Estimates of anthropogenic halocarbon emissions based on its measured ratios relative to CO in the Pearl River Delta

Abstract

Abstract. Using a GC/FID/MS system, we analyzed the mixing ratio levels of 16 halocarbon species in more than 100 air samples collected in 2004 from the Pearl River Delta (PRD) region of southern China. The results revealed elevated regional mixing ratios for most halocarbons, especially for HClC = CCl2 (trichloroethylene, TCE), CH2Cl2 (dichloromethane, DCM), CH3Br (bromomethane), HCFC-22, CHCl3 (trichloromethane), CCl4 (tetrachloromethane), Cl2C = CCl2 (perchloroethylene, PCE), CH3CCl3 (methyl chloroform, MCF), and CFC-12. Comparisons were done with the data from TRACE-P and ALE/GAGE/AGAGE experiments, we found that the large variability in concentrations (relative standard deviation ranged from 9.31% to 96.55%) of the halocarbons suggested substantial local emissions from the PRD region in 2004. Correlations between the mixing ratio of each species and carbon monoxide (CO) were examined, and then each emission of halocarbon was quantified based on scaling the optimized CO emission inventory with the slope of the regression line fitted to each species relative to CO. The calculated results revealed that mass of CH2Cl2 (7.0 Gg), CH3CCl3 (6.7 Gg), and Cl2C = CCl2 (2.3 Gg) accounted for about 62.9% of total emissions, suggesting a significant contribution to halocarbon emissions from solvent use in the PRD region. Emissions of HCFC-22 (3.5 Gg), an alternative refrigerant to chlorofluorocarbons (CFCs), were about 2.3 times greater than those of CFC-12 (1.6 Gg).
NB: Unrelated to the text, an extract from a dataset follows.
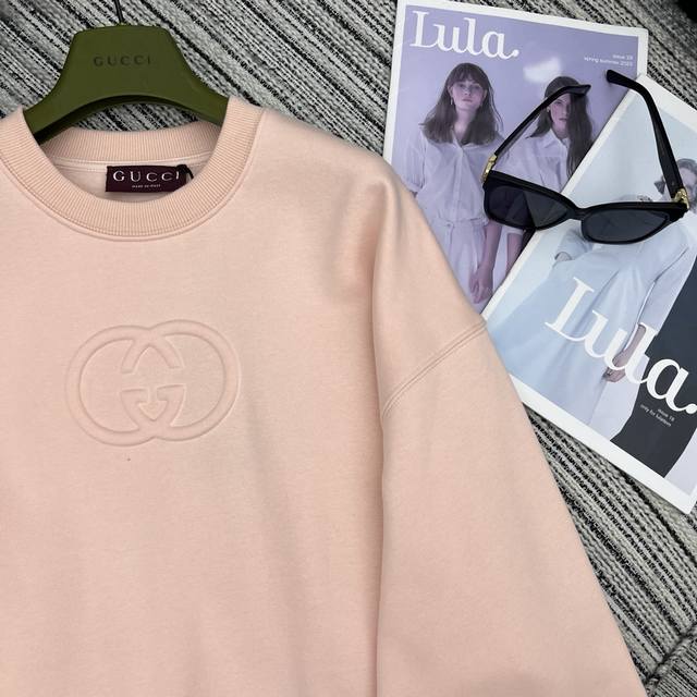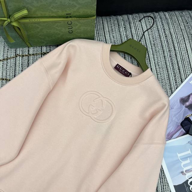 Highly recommend Guc*25 autumn and winter new round neck three-dimensional logo sweatshirt customized Yb original cotton material, velvet treatment on the inside, warm and skin-friendly, not easy to deform and pilling after long washing, full of texture, and processed with multiple washing processes to present a retro style. The pullover round neck long-sleeved sweatshirt is fashionable and casual, with a three-dimensional embossed double G letter logo on the chest, which instantly enhances the brand style . The loose version is combined with the dropped shoulder details and the flared hem to add a relaxed atmosphere. It is a guide for daily casual wear, relaxed and fashionable. For customized fabrics and accessories , look for the high version 3 colors Sml3 size

CFC-12 and HCFC-22 accounted for 21.5% of total emissions of halocarbons, so that the refrigerant would be the second largest source of halocarbons. However, the ratio approach found only minor emissions of other CFCs, such as CFC-11, and levels of CFC-114 and CFC-113 were close to zero. Emissions of other anthropogenic halocarbons, such as CCl4, CHCl3, CH3Br, and CH3Cl, were also estimated. Where possible, the emissions estimated from the measured ratios were compared with results from source inventory techniques, we found that both approaches gave emissions at similar magnitude for most of the halocarbons, except CFC-11. The comparison suggested that ratio method may be a useful tool for assessing regional halocarbon emissions, and emission uncertainty could be further reduced by incorporating both longer-term and higher-frequency observations, as well as improving the uncertainty of the CO inventory.